Sous la visière un peu désuète, le regard délavé se plante sur l’oriflamme qui bat en haut de la plus proche tour.
Deux talons de fer poussent la lourde monture en avant, d’un pas lent, jusqu’à l’extreme bord du pont-levis.
Négligeant les regards inquisiteurs de la garde, l’homme descend lentement, dans le crissement métallique de la vieille armure, passée de mode mais parfaitement entretenue. Au baudrier pend une longue et large épée, l’une de celles que les jeunes n’utilisent plus guère, affreusement lourde mais terriblement meurtrière.
C’est pourtant sur une autre arme que se pose le gantelet de l’homme, pour la détacher de du pommeau de sa selle, et la démailloter du linge poussiéreux qui la protège. La lame est nue, nul fourreau ne la protège, et le soleil glisse sur son polissage parfait, n’accrochant que les mots finement gravés dans l’acier : « Æquam memento servare mentem » d’un coté, « Soyez heureuse, chaque jour et pour l’éternité », de l’autre.
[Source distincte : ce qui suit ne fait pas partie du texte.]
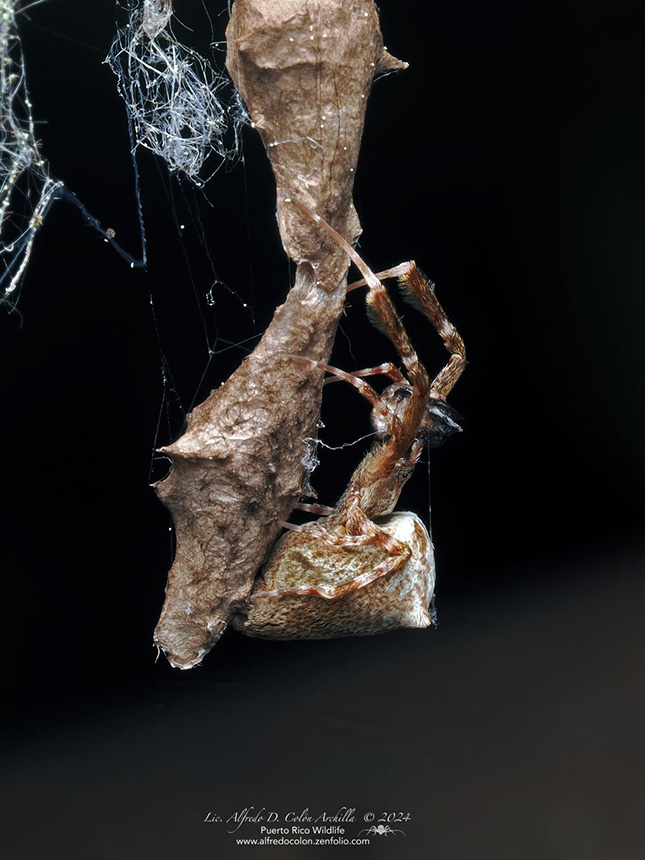 The web itself is a typically vertical orb. The frame and the “spokes” (radii) are constructed with smooth structural silk, while the inner capture spiral consists of the cribellate silk. Because this spider lacks venom glands, it must work quickly once an insect is snagged, rushing from the hub to wrap the prey in a dense silk shroud to immobilize it. To feed, the spider regurgitates digestive enzymes onto the prey and ingests the liquefied remains.

Presque comme un gamin, il effectue deux ou trois moulinets avec l’épée, qui lui semble être un jouet, mais qui n’en est pas moins redoutable, bien maniée. L’heure n’est pas à l’amusement, et il reprend son sérieux, pour s’approcher de l’une des bottes de paille qui marquent le bord du chemin. De là, il perçoit l’agitation qui règne à l’intérieur, signe qu’il ne s’est décidemment pas trompé de lieu.
Sous le nez d’un garde, qu’il ignore superbement, sans mépris mais sans la moindre empathie, il plante l’épée dans la paille, avant de glisser autour de la poignée garnie de cuir fauve un simple collier de corde, auquel est passée une pierre percée, gravée de trois mots.
Sa mission accomplie, il se tourne vers les hommes d’armes :
Faites que ceci soit remis à la mariée.
Puis il se hisse en selle, tourne bride et s’éloigne, du même pas lent qu’il est arrivé.